Platform | PowerEdge XE9680 (8x H100-SXM-80GB, TensorRT) | PowerEdge XE8545 (4x A100-SXM-80GB, TensorRT) | PowerEdge XE9680 (8x A100-SXM-80GB, TensorRT) |
MLPerf System ID | XE9680_H100_SXM_80GBx8_TRT | XE8545_A100_SXM4_80GBx4_TRT | XE9680_A100_SXM4_80GBx8_TRT |
Operating system | Ubuntu 22.04 | ||
CPU | Intel Xeon Platinum 8470 | AMD EPYC 7763 | Intel Xeon Platinum 8470 |
Memory | 2 TB | 4 TB | |
GPU | NVIDIA H100-SXM-80GB | NVIDIA A100-SXM-80GB CTS | NVIDIA A100-SXM-80GB CTS |
GPU form factor | SXM | ||
GPU memory configuration | HBM3 | HBM2e | |
GPU count | 8 | 4 | 8 |
Software stack | TensorRT 8.6.0 CUDA 12.0 cuDNN 8.8.0 Driver 525.85.12 DALI 1.17.0 |
Table 1: Software stack of submissions made on NVIDIA H100 and NVIDIA A100 SXM GPUs in MLPerf Inference v3.0
PowerEdge XE9680 Rack Server
With the PowerEdge XE9680 server, customers can take on demanding artificial intelligence, machine learning, and deep learning workloads, including generative AI. This high-performance application server enables rapid development, training, and deployment of large machine learning models. The PowerEdge XE9680 server was made for artificial intelligence, machine learning, deep learning, and other demanding workloads. The PowerEdge XE9680 server is loaded with features for any possible artificial intelligence, machine learning, and deep learning workload as it supports eight NVIDIA HGX H100 80GB 700W SXM5 GPUs or eight NVIDIA HGX A100 80GB 500W SXM4 GPUs, fully interconnected with NVIDIA NVLink technology. For more details, see the specification sheet for the PowerEdge XE9680 server.

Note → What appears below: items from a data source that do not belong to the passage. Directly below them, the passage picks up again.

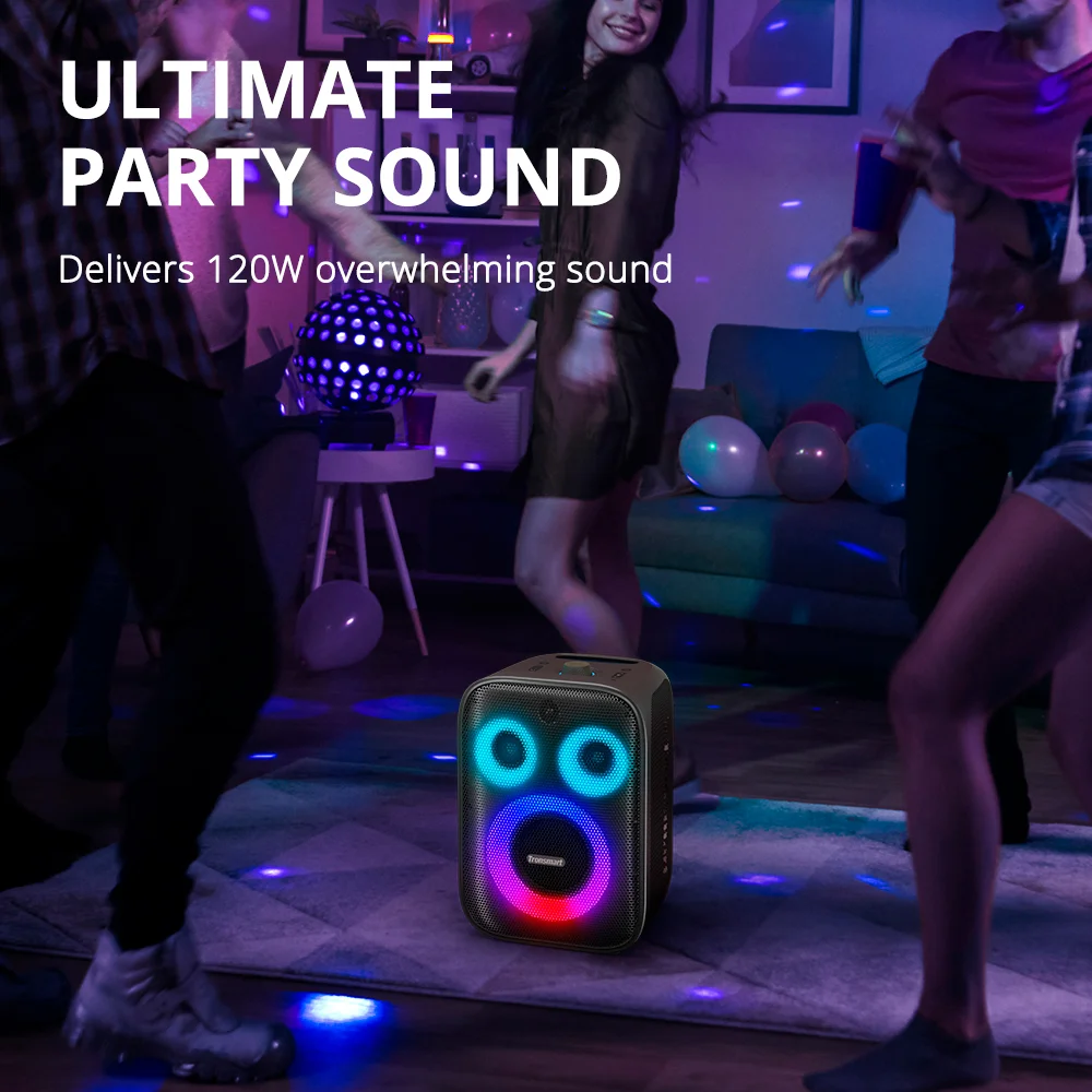 Caixa Som Tronsmart Speaker Bluetooth Portátil Halo 200 Preto com Som Potente 120W, Graves Profundos, Luzes LED e Karaokê. Caixa de Som Sem Fio para Festas, Bateria 18h, IPX4, TWS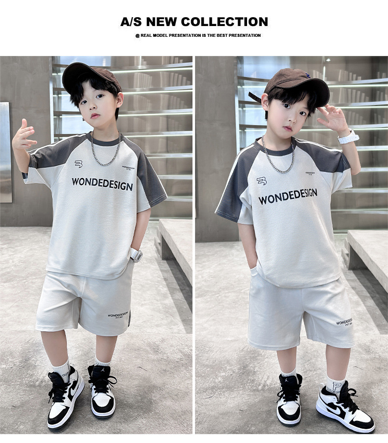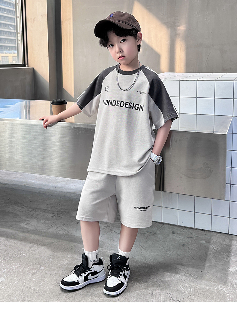 男童夏季薄款运动套装2024新款中大童男孩潮酷拼色休闲短袖短裤夏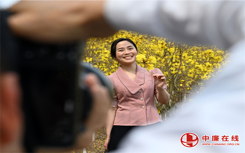 清明临近,四川省内江市东兴区郭北镇南岸社区3000余株黄花风铃木迎春绽放,漂亮的黄色花朵吸引众多游人前来踏青赏花,乐享春日时光。(内江市东兴区委宣传部 兰自涛)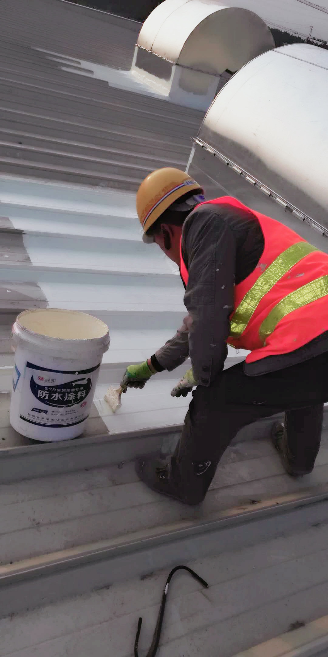 我公司承接的中國牙谷愛齊口腔醫療設備生產基地一期廠房金屬屋面防水工程,工程地位于四川省資陽市高新區,采用本公司的SYR金屬屋面專用防水涂料配合專用的縫織聚酯布,處理效果好。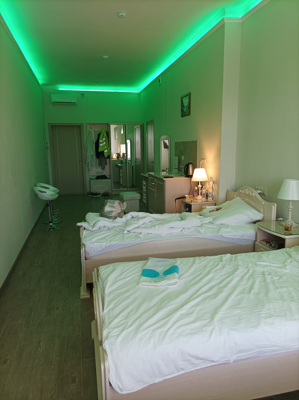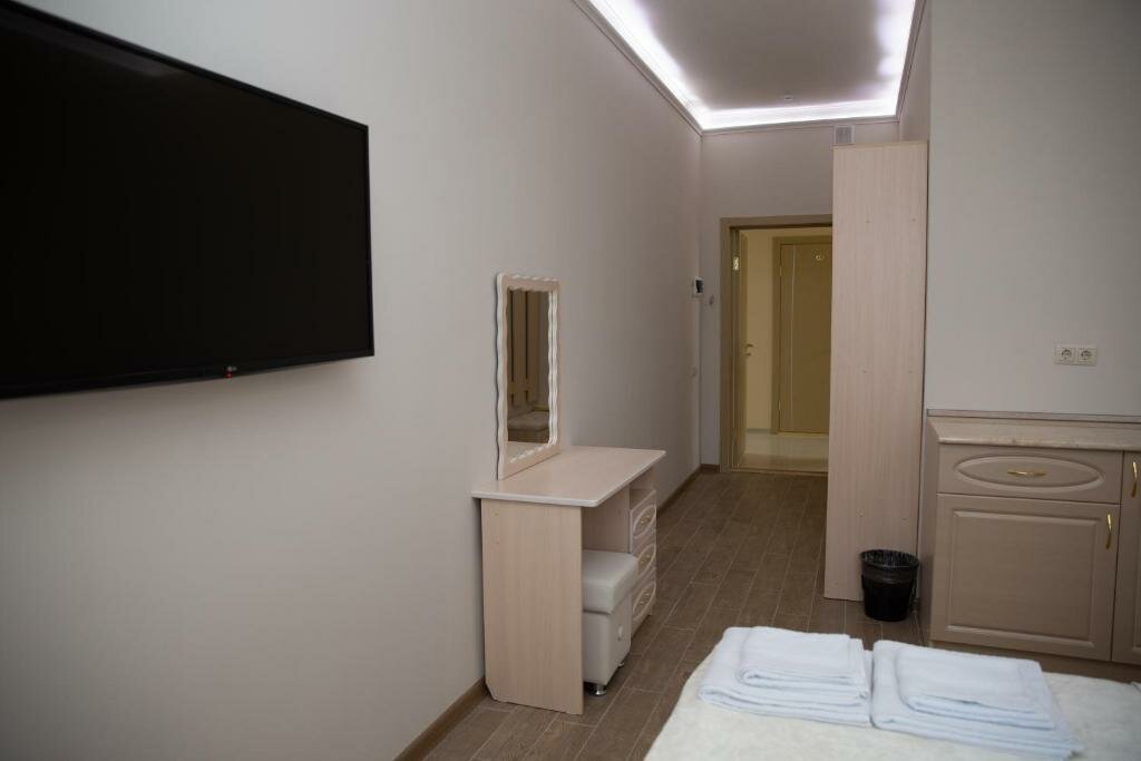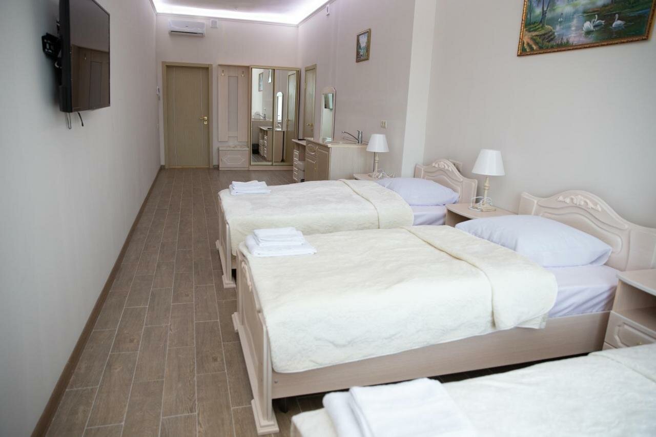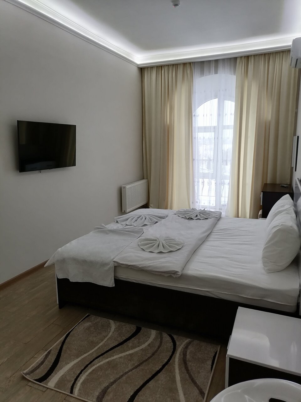 В принципе чисто, но номер не был подготовлен после предыдущих буйных гостей, телевизор разбит, крючки в прихожей сорваны, стены грязные. Ещё не понравилась вода в крана, она у них видимо вообще не подготавливается и не фильтруется, есть посторонний запах и привкус железа. Есть лифт но она в 4х этажном здании только до 3го этажа как то не логично, естественно на 4й этаж пришлось нести тяжёлый чемодан через 3й, тем более уставшие с дороги. И мне кажется нам дали не тот номер, вроде как стандартный хотя мы бронировали расширенный, но мы ведь не знаем какие у них остальные номера, так что лучше уточняйте. Мы разбираться не стали останавливались на одну ночь.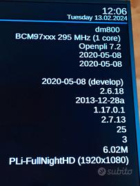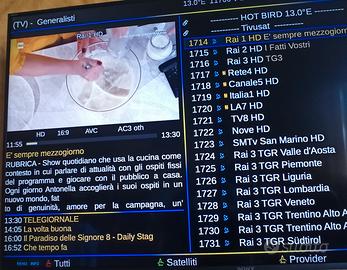 in ottimo stato, SIM 2.01, immagine OpenPli 7.2 già programmato configurato con settings aggiornati, immagine compatibile con IPTV, decoder fornito di Digital Key Sky per abilitazione Turner ricezione canali del digitale terrestre. Supporta adattatore WiFi per connessione WLAN, scheda di rete perfettamente funzionante.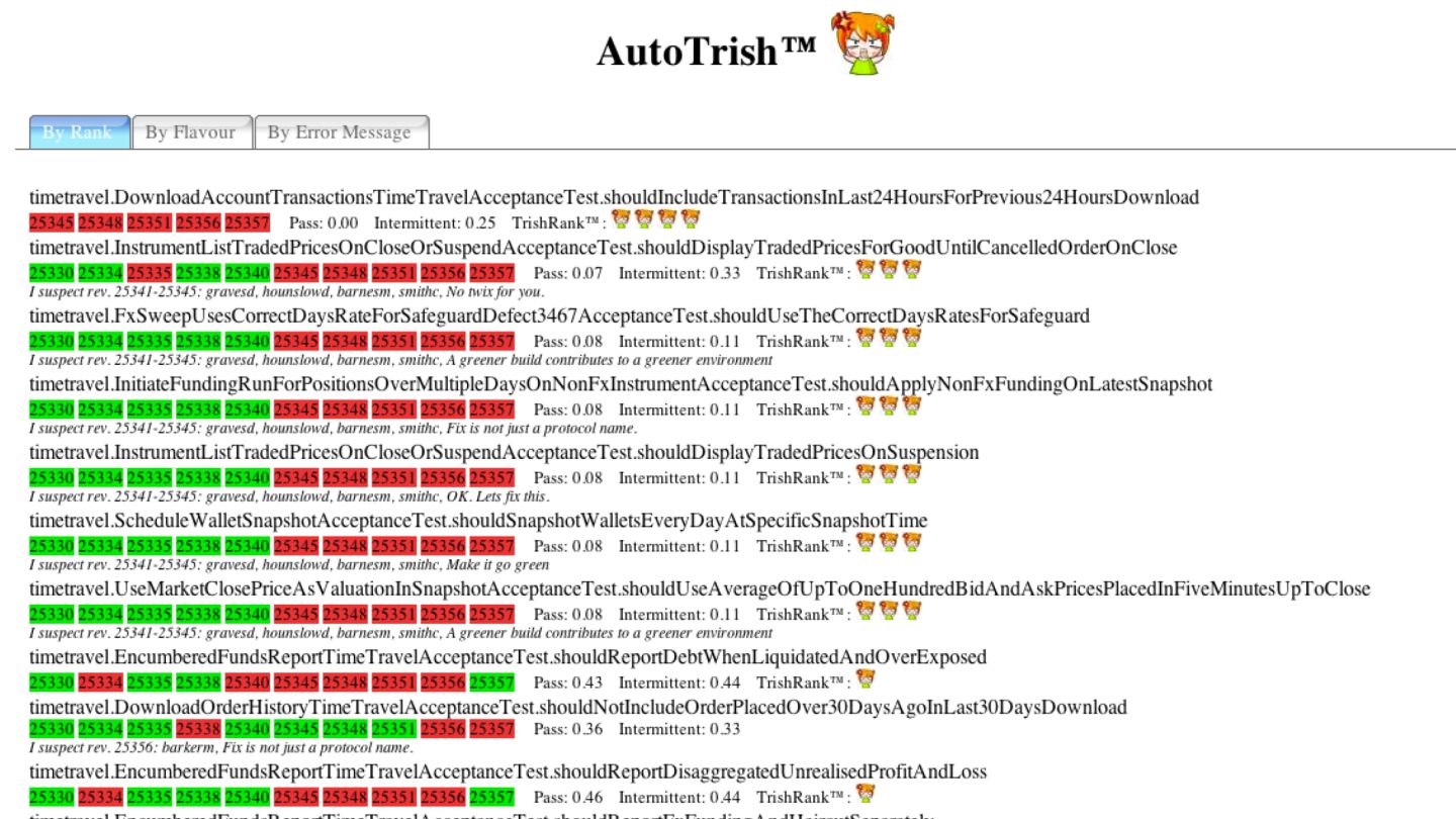 In this talk, Trisha will identify issues that slow down developers when writing, running and debugging tests, and look at tools that can help developers with each of these problems. There will be live coding, analysis of social media poll results, an overview of solutions in this space, "best practice" recommendations, and machine learning will be mentioned at some point.

Figure 2: Front side view of the PowerEdge XE9680 Rack Server
Figure 3: Front view of the PowerEdge XE9680 Rack Server
Figure 4: Rear side view of the PowerEdge XE9680 Rack Server
Figure 5: Rear view of the PowerEdge XE9680 Rack Server
Figure 6: Top view of the PowerEdge XE9680 Rack Server
Comparison of the NVIDIA H100 SXM GPU with the NVIDIA A100 SXM GPU
Looking at the best entire system results for this round of submission (v3.0) and the previous round of submission (v2.1), the performance gains achieved by the PowerEdge XE9680 server with eight NVIDIA H100 GPUs are outstanding. In comparison, the NVIDIA H100 GPU server outperforms its predecessor, the NVIDIA A100 GPU server, by a large margin in all the tested workloads, as shown in the following figure. Note that the best results in the previous round of submission were generated by the PowerEdge XE8545 server with four NVIDIA A100 GPUs.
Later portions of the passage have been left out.